The observable discrepancies in mortality changes in different countries drew attention to studies into regional convergence, especially NUTS2 and NUTS3. Gächter and Theurl (2011) analysed the similarity of changes in the state of health in the federated states of Austria, which is a relatively homogenous country. The state of health was expressed by means of standardised death rates. After analysing changes in total death intensity and death intensity by sex, the authors confirmed the occurrence of beta-convergence of mortality rates between examined populations. One of the possible reasons for the changes they identified was the federal government's efforts aimed at the country's harmonious development.

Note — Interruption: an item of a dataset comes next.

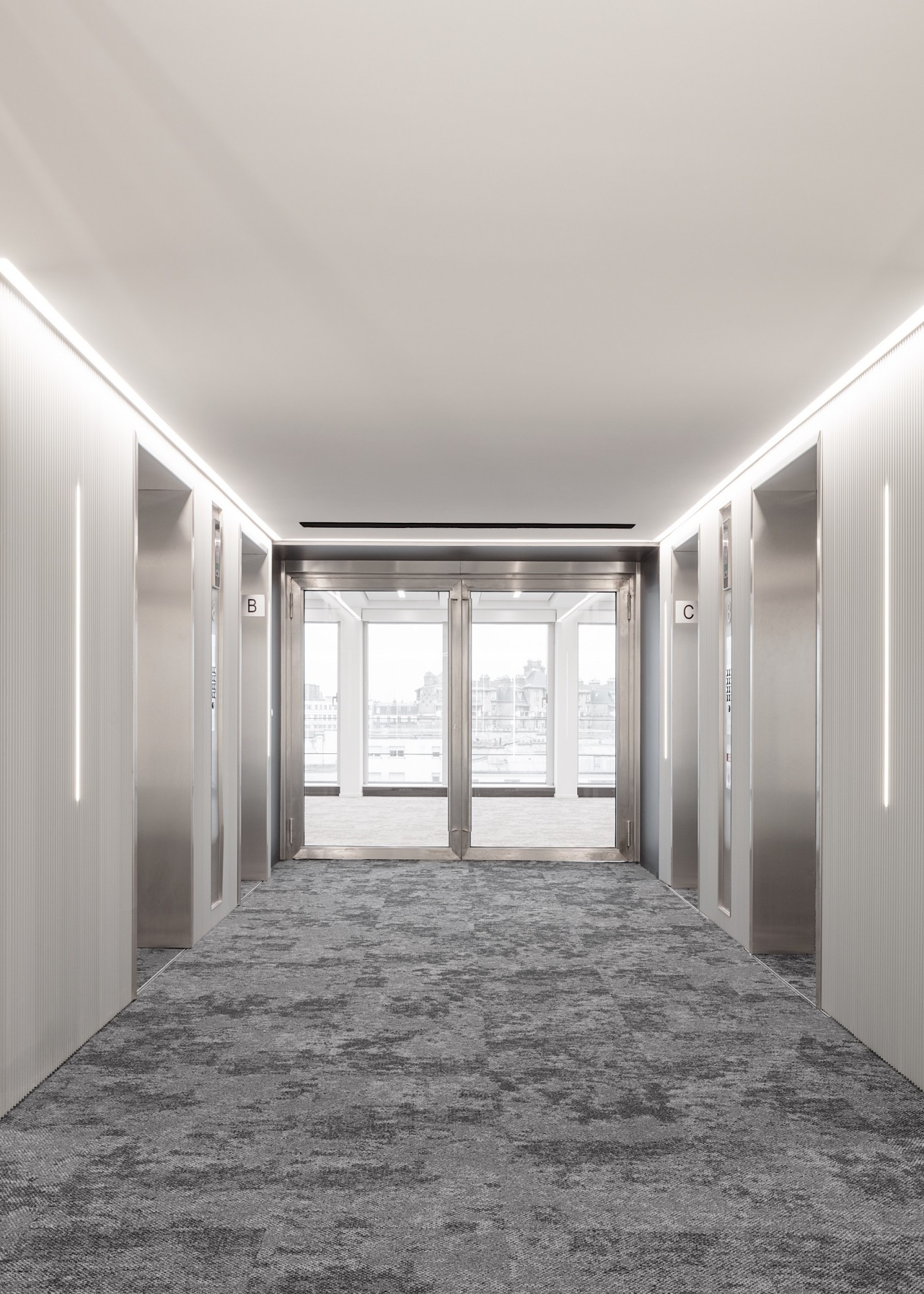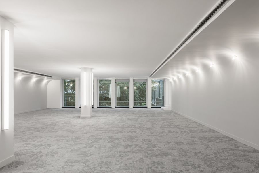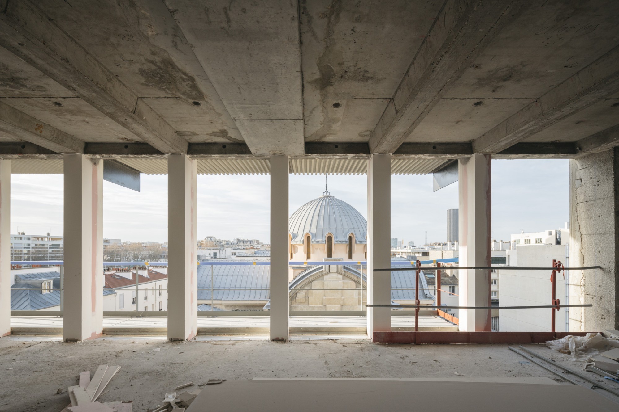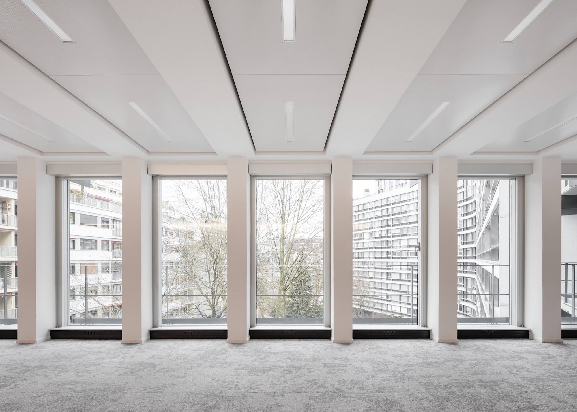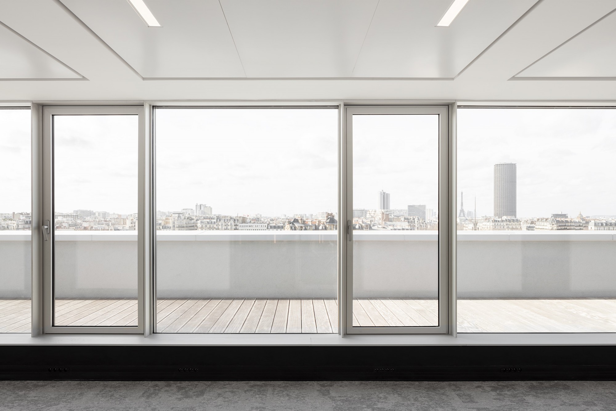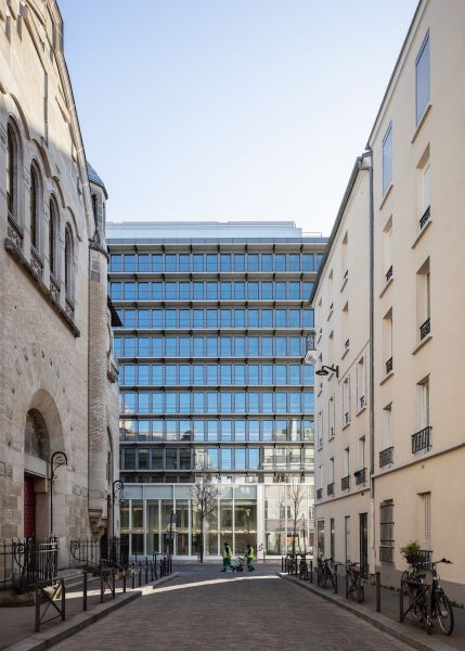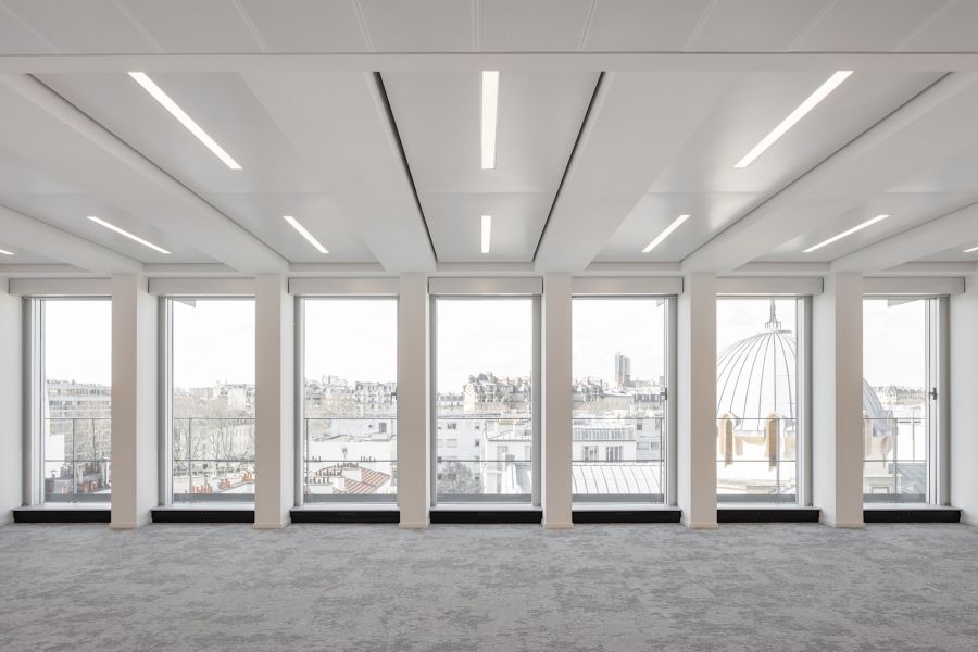 En plan, les surfaces de bureaux sont désormais des plateaux libres, flexibles et reconfigurables, développés autour d’un noyau central restructuré ; les paliers sont éclairés naturellement ; la CHC a été optimisée, passant de 150 à 50 m² par niveau. La coursive périphérique permet d’intégrer des protections solaires intérieures et d’entretenir la façade sans nacelle. À R+2, une partie des surfaces prévues en bureaux classiques devient un espace de coworking attenant à la terrasse de plein pied. La terrasse du R+11 est également libérée et agrandie, avec vue à 360° sur les toits de Paris, grâce à l'optimisation de la technique.

For much of the 20th century, Poland's changes in mortality were highly unsatisfactory, and there were periods in which death intensity was in fact growing. The process was also significantly territorially differentiated (Pułaska-Turyna, 1990; Wojtyniak & Goryński, 2018). Since Poland's accession to the EU, the central government and local self-governments have had funds at their disposal for evening out differences in the regions’ socio-economic situation. The goal of the study presented here was to find out whether the steps taken in recent years, which have been partly financed by EU funds, have contributed, as intended, to eliminating the differences. In connection with the above, the following hypothesis was formulated: in Poland, since its accession to the EU, there has occurred a spatial convergence in mortality due to major causes of death.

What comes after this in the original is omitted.